プログラミング初心者wakinozaと申します。
勉強中に調べたことを記事にまとめています。

十分気をつけて執筆していますが、なにぶん初心者が書いた記事なので、理解が浅い点などあるかと思います。
間違い等あれば、指摘いただけると助かります。

記事を参考にされる方は、初心者の記事であることを念頭において、お読みいただけると幸いです。

記事のテーマ

  • AWS SAA 取得を目指して学習中です。
  • AWSのネットワークについて、ファイアウォール関連のものをまとめました。

目次

1. AWSのファイアウォール
2. セキュリティグループ
3. ネットワークACL
4. AWS Network Firewall
5. AWS WAF
6. AWS Firewall Manager

1. AWSのファイアウォール

セキュリティにおいて、「ファイアウォール」とは、インターネットからの不正な侵入や、内部から外部への許可していない通信を防ぐための「門番」の役割を果たします。

AWSには、さまざまな「ファイアウォール」機能が用意されています。

項目・サービス 適用対象(配置場所) チェック対象
セキュリティグループ インスタンス (ENI) L3/L4
ネットワークACL サブネット L3/L4
AWS Network Firewall VPC L3〜L7、ドメイン
AWS WAF ALB / CloudFrontなど L7 (HTTP/HTTPS)
AWS Firewall Manager 複数アカウントへのガバナンス 管理ポリシー

この記事では、これら項目やサービスの特徴をまとめていきます。

2. セキュリティグループ

セキュリティグループは、インスタンス単位で設定するファイアウォール項目です。

セキュリティグループの特徴は、以下の3点です。

  1. 「許可」のみ設定できるホワイトリスト方式
  2. ステートフル
  3. ネットワーク層(L3)とトランスポート層(L4)の制御

2.1. 「許可」のみ設定できるホワイトリスト方式

セキュリティグループは「信頼できる通信だけを定義する」というホワイトリスト(許可リスト)の考え方に基づいたファイアウォールです。
リストに載っていないものは、すべてデフォルトで拒否する原則となっているため、拒否ルールを書く必要がありません。

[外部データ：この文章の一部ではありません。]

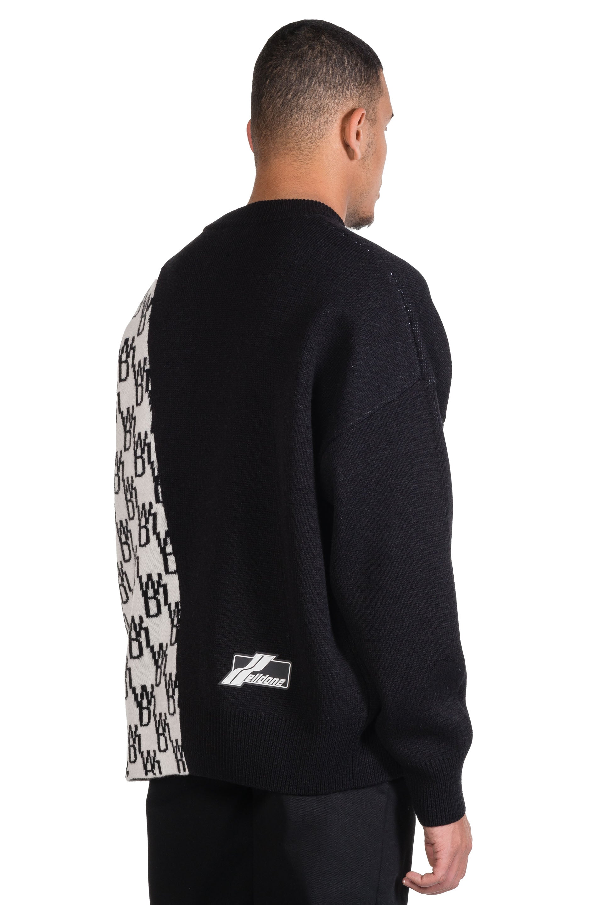 Paneled knit acrylic and wool-blend sweater. Rib knit crewneck, cuffs, and hem. Dropped shoulders. Rubberized logo patch at back hem. Jacquard knit logo throughout.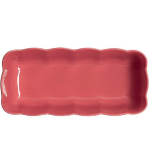 Ce moule à gâteau en céramique a une couleur rose et un bord gracieux et ondulé.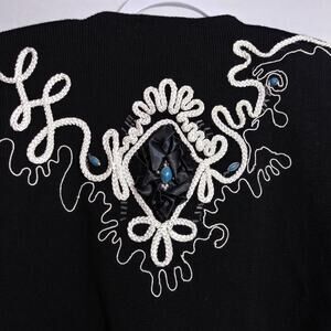 Vintage Joveil Black Embellished Jeweled Button Front Artsy Ornate Cardigan

VPCを作成した段階では、デフォルトのセキュリティグループが用意されています。デフォルトの設定は、すべてのインバウンド通信(外部から内部への通信)を拒否、すべてのアウトバウンド通信(内部から外部への通信)を許可となっています。独自のルールを適用したい場合は、新しいセキュリティグループを作成し、インスタンスに付与する必要があります。

セキュリティ設定に複数のルールを記載した場合は、すべてのルールが適用されます。
もし、何らかの「例外的な拒否」を設定したい場合は、後述するネットワークACLを利用します。

作成したセキュリティグループは、複数のインスタンスに適用可能です。
また、1つのインスタンスに複数のセキュリティグループを付与することも可能です。

2.2. ステートフル

セキュリティグループは、コネクション追跡(Connection Tracking)を行っており、通信の状態を管理する「ステートフル」な機能を持っています。
そのため、インスタンスから開始された通信に対する応答のインバウンド通信は、ルールに関わらず一時的なエントリとして許可されます。

2.3. ネットワーク層(L3)とトランスポート層(L4)の制御

セキュリティグループは、トランスポート層(L4)の「プロトコル」と「ポート番号」と、ネットワーク層(L3)の「IPアドレス」という情報をもとに通信を許可しています。

インバウンド通信において、プロトコルとポート番号の組み合わせは通信の「宛先住所」、IPアドレスは「送り主住所」のようなものです。
セキュリティグループは、通信のプロトコル・ポート番号・IPアドレスを確認し、それら「住所」がルールに記載されている場合に通信を許可します。

また、IPアドレス以外に「セキュリティグループID」や「CIDR」を設定することも可能です。
Auto Scalingなどでインスタンスの増減を設定している場合、新しく作成されたインスタンスには、サブネットに付与されたCIDRから新しいIPアドレスが自動的に付与されます。
しかし、新しく付与されたIPアドレスがセキュリティグループに記載されていないと、新しく作成されたインスタンスからの通信を受信できません。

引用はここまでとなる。